::: Excerpted records :::

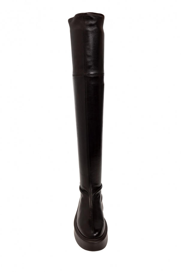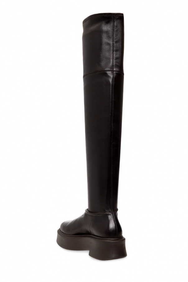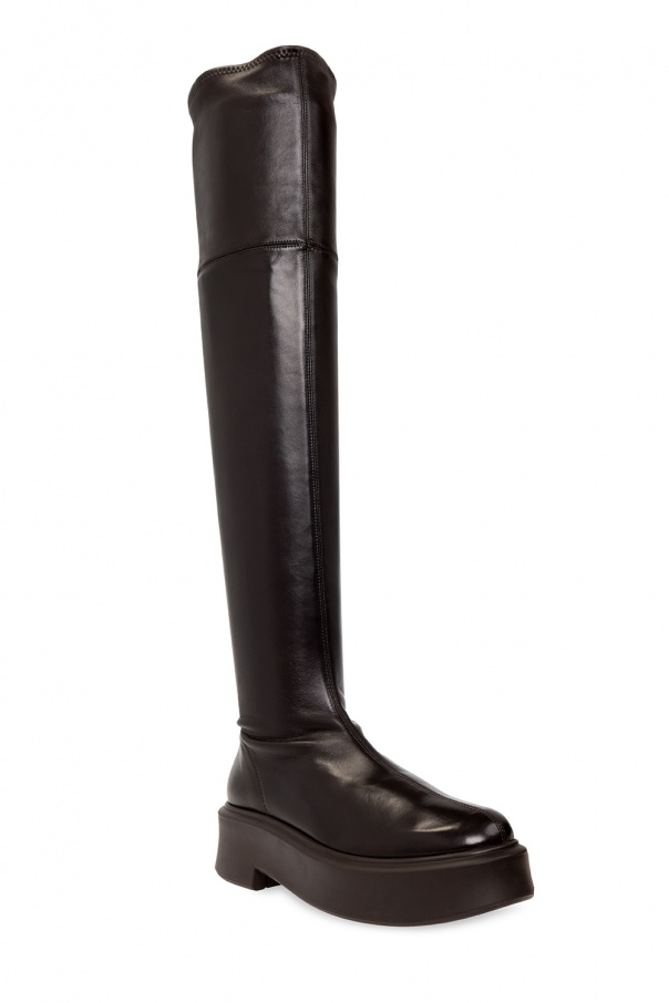 Dark brown boots from The Row. Made of stretch leather, this pair features decorative stitching details and a black rubber sole.
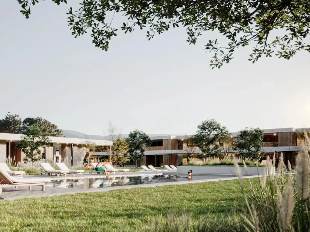 Amenities de primer nivel: SUM con asador, living flexible, oficinas y espacio de coworking, gimnasio, pileta, cancha de tenis y un sendero con bicisenda que recorre todo el predio.
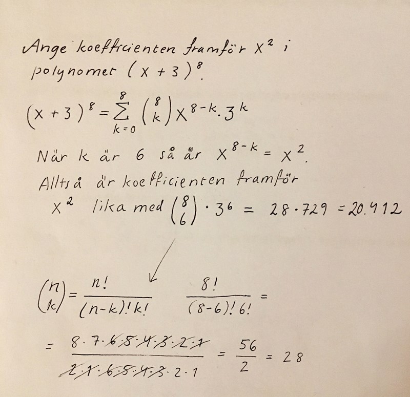Jag ska ange koefficienten framför x^2 i polynomet (x+3)^8.
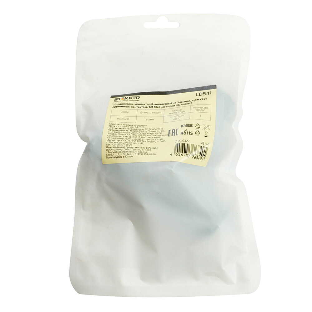 Соединитель-коннектор LD541 3-контактный на 3 выхода, с СМК221 пружинным контактом IP68, черный STEKKER 49194 fr_49194 информация:
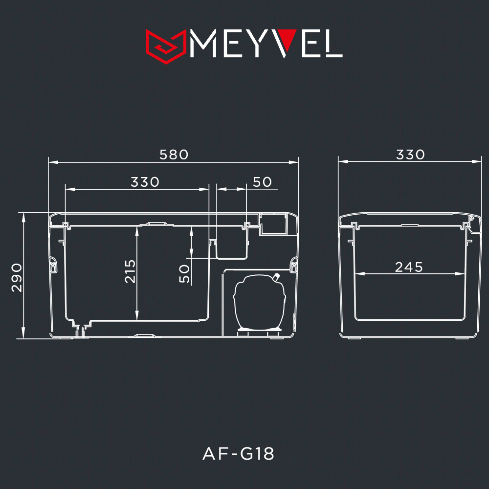 Переносной автохолодильник MEYVEL AF-G18 предназначен для охлаждения и глубокой заморозки, хранения и транспортировки продуктов питания и напитков в легковых и грузовых автомобилях, автодомах, специальной технике, лодках, катерах, яхтах, других видах транспорта и в быту. Модель оснащена компрессором, электронным термостатом, 2 камерами, дверцей с фиксатором и защелкой, сенсорной панелью управления и жидкокристаллическим дисплеем с высокими яркостью и разрешением. Внешняя облицовка корпуса выполнена из прочного пластика, теплоизоляция – пенополиуретан высокой плотности.
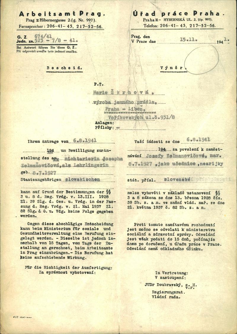 Zelmanoviczová Josefina: Vyjádření k žádosti o přijetí nearijky do učení
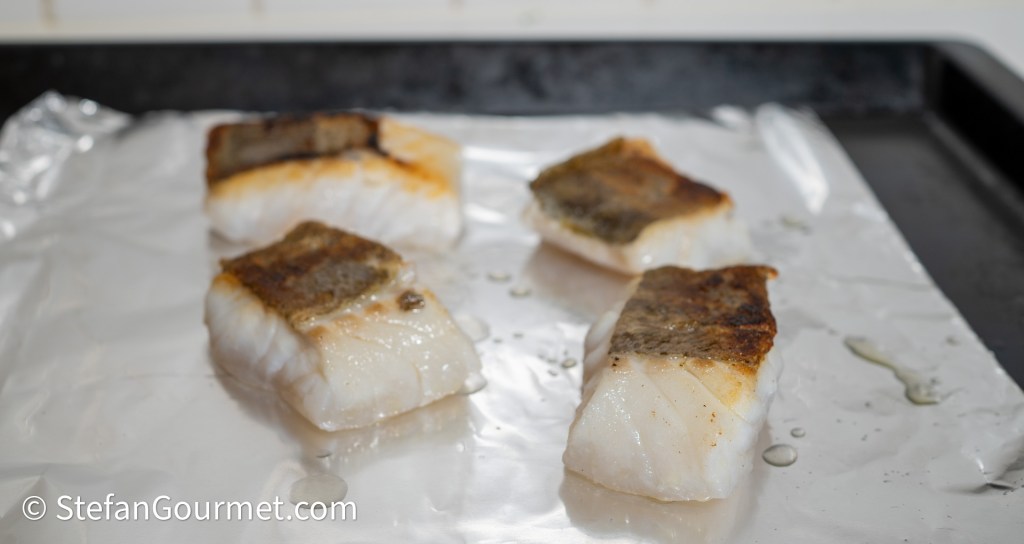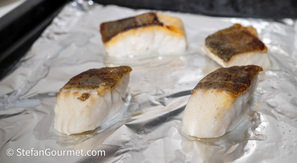 Once the skin is golden brown and crispy, transfer to a baking sheet lined with aluminum foil. Use an instant read thermometer with a probe, and insert it such that the tip of the probe is in the center of one of the pieces of fish.
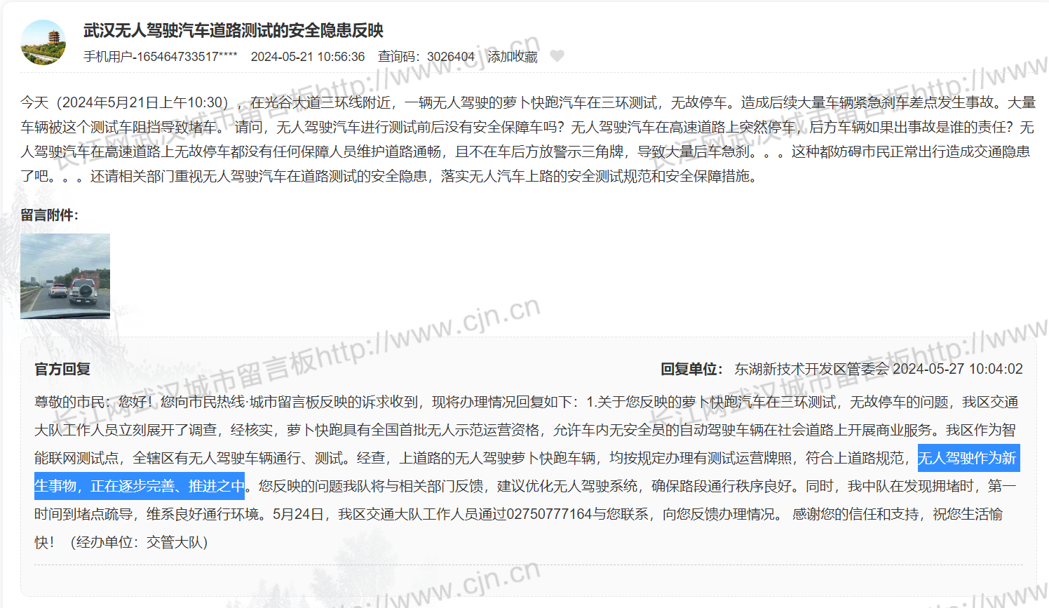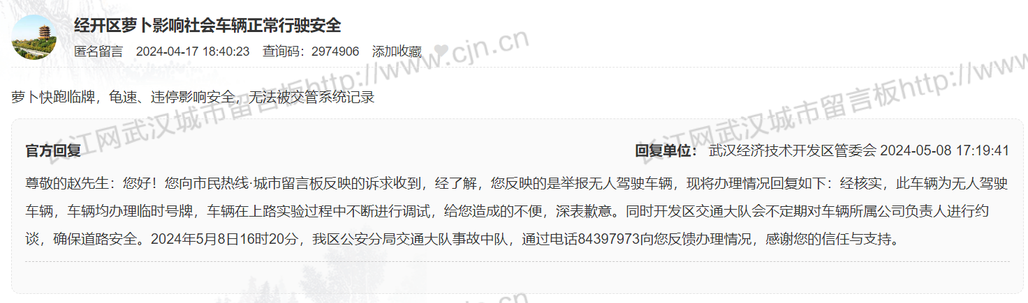 可就在众人为萝卜快跑一系列数据而欢呼时,网络上涌现“武汉萝卜快跑致拥堵遭大量投诉”的信息,并列举多个在武汉城市留言板上的留言,无外乎:无故停车导致交通拥堵和安全隐患,违规停车以及早晚高峰车速过慢等。

:::

Requirement: Above, find the line holding "Amenities de primer" and the line holding "Соединитель-коннектор LD541 3-контактный". Print exactly those two lines and every line between them, but no pictures.

Solution for this problem:
 Amenities de primer nivel: SUM con asador, living flexible, oficinas y espacio de coworking, gimnasio, pileta, cancha de tenis y un sendero con bicisenda que recorre todo el predio.
Jag ska ange koefficienten framför x^2 i polynomet (x+3)^8.
 Соединитель-коннектор LD541 3-контактный на 3 выхода, с СМК221 пружинным контактом IP68, черный STEKKER 49194 fr_49194 информация:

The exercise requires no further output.